Immune recognition of ChpG variants in Mirabilis jalapa.
(A, B, C) Eight to ten leaf stage Mirabilis jalapa leaves were infiltrated (108 CFU/ml) with Cm101ΩchpG expressing the indicated ChpG variants or empty vector control (EV). (A) Representative leaf was photographed at 96 hours post inoculations (hpi). (B) HR was monitored at 48 and 96 hpi in the infiltrated areas and each infiltration point received a HR classification (HR or no HR). HR frequencies of 15 biological repeats collected from three independent experiments are presented in a stacked bar graph. “*" indicates the score distribution is different from Cm101ΩchpG + EV (Pearson’s chi-squared test, p-value ≤ 0.05). (C) Cell death was quantified by ion leakage at 96 hpi. Lower and upper quartiles are marked at the margins of the boxes. Central lines and “o” represent medians and data points of at least 12 biological repeats collected from two independent experiments. "*" indicates a significant difference (Mann–Whitney U test, p-value ≤ 0.05) from Cm101ΩchpG + EV. (D) Mirabilis jalapa leaves were infiltrated with the indicted MBP fused ChpG variants (0.01 μg/ml) or MgCl2 (mock). Representative leaf was photographed 3 days later. The image represents 18 biological replicates across three independent experiments, all showcasing comparable results.
Fig 9.
Serine hydrolase activity assays in ChpG variants failed to detect enzymatic activity.

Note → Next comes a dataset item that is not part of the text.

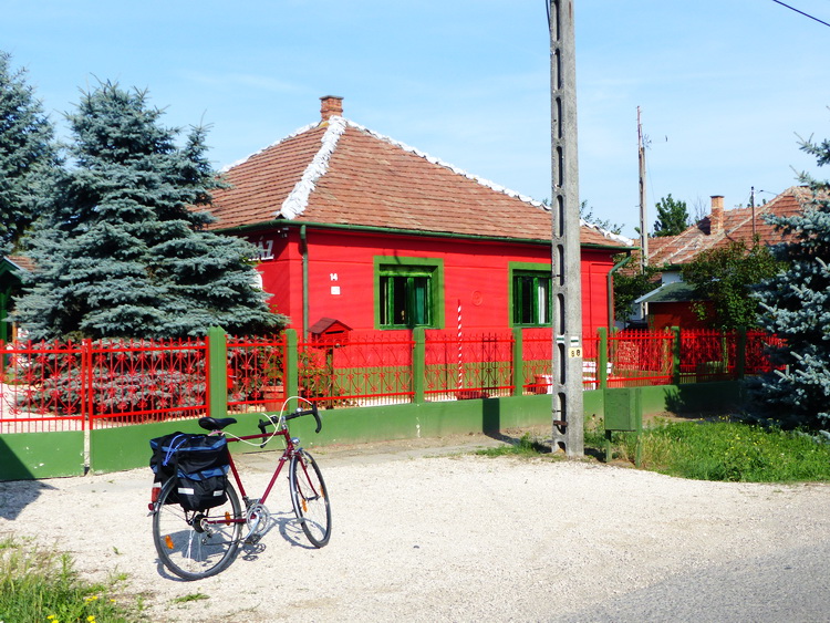A már ismerős, nagyon forgalmas, de jól kerékpározható 61-es főúton visszatekertem Előszállásra, itt most sem álltam meg, egyből ráfordultam a település központjában a Nagykarácsony felé vezető keskeny, kopottas aszfaltútra. Gyorsan ledaráltam a végtelennek tűnő napraforgótáblák és kukoricások között vezető úton a két falu közötti öt kilométeres távot, aztán megálltam a faluközpontban a bolt és kocsma épülete előtt. Ez a település is igazolóhely a körtúrán, először a boltban próbálkoztam, de hiába vettem egy jéghideg fél literes kólát és egy kis zacskó sajtos pogácsát, nem kaptam bélyegzést a füzetembe! Szerencsére a szomszédos ivóban volt alkoholmentes Soproni Szűz, és itt benyomták a céges pecsétet is az igazolófüzetbe! Pár percet még ejtőztem a kocsmában, aztán a Mikulásház keresésére indultam.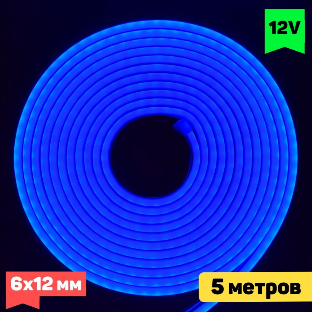 Гибкий неон голубого цвета свечения. Потребляема мощность 10 вт/метр. Рабочее напряжение 12 Вольт. Длина катушки 5 метров.

(A) Mature ChpG variants, lacking the predicted secretion sequence, were fused to a maltose-binding protein (MBP) tag, purified from E. coli, and visualized by SDS-PAGE using Coomassie blue staining. (B) N-Succinyl-Ala-Ala-Pro-Phe p-nitroanilide cleavage assays were conducted using 1 μg of the indicated MBP fusion proteins or 0.1 μg proteinase K. Data represents the averages and standard divisions of three technical repeats. (C) Azocasein hydrolysis assays were conducted using 1 μg of the indicated MBP fusion proteins or 0.1 μg proteinase K. Data represents the averages and standard divisions of at least four technical repeats. (D, E, F) Serine hydrolase activity using the TAMRA-FP serine hydrolase probe was assessed with 0.1 (D) or 1 (E, F) μg proteinase K (positive control), 1 μg of the indicated MBP fusion proteins (D), total protein extracts, and supernatants of Cm101ΔPAI cultures introduced with pHN216-based plasmids expressing the indicated chpG variants under the pCMP1 promoter fused to an HA tag or an empty vector control (EV) (E), or total protein extracts from Nicotiana benthamiana leaves infiltrated with Agrobacterium carrying vectors aimed at transient expression of the indicated mature chpG variants fused to the 33 aa secretion signal of NtPR1 at the N-terminus and to an HA tag at the C-terminus under the control of the CaMV35S promoter or the 33 aa secretion signal of NtPR1 alone (EV) (F). Left panels (D, E, F): Total protein was visualized by Coomassie blue staining. Middle panels (D, E, F): Active site fluorescent binding was visualized by fluorescent imaging (530 nm excitation, 554 nm emission). Right panels (E, F): Confirmation of expression of the ChpG variants by western blot using anti-HA antibody. Experiments were repeated Twice (B, C) or three times (D, E, F) with similar results.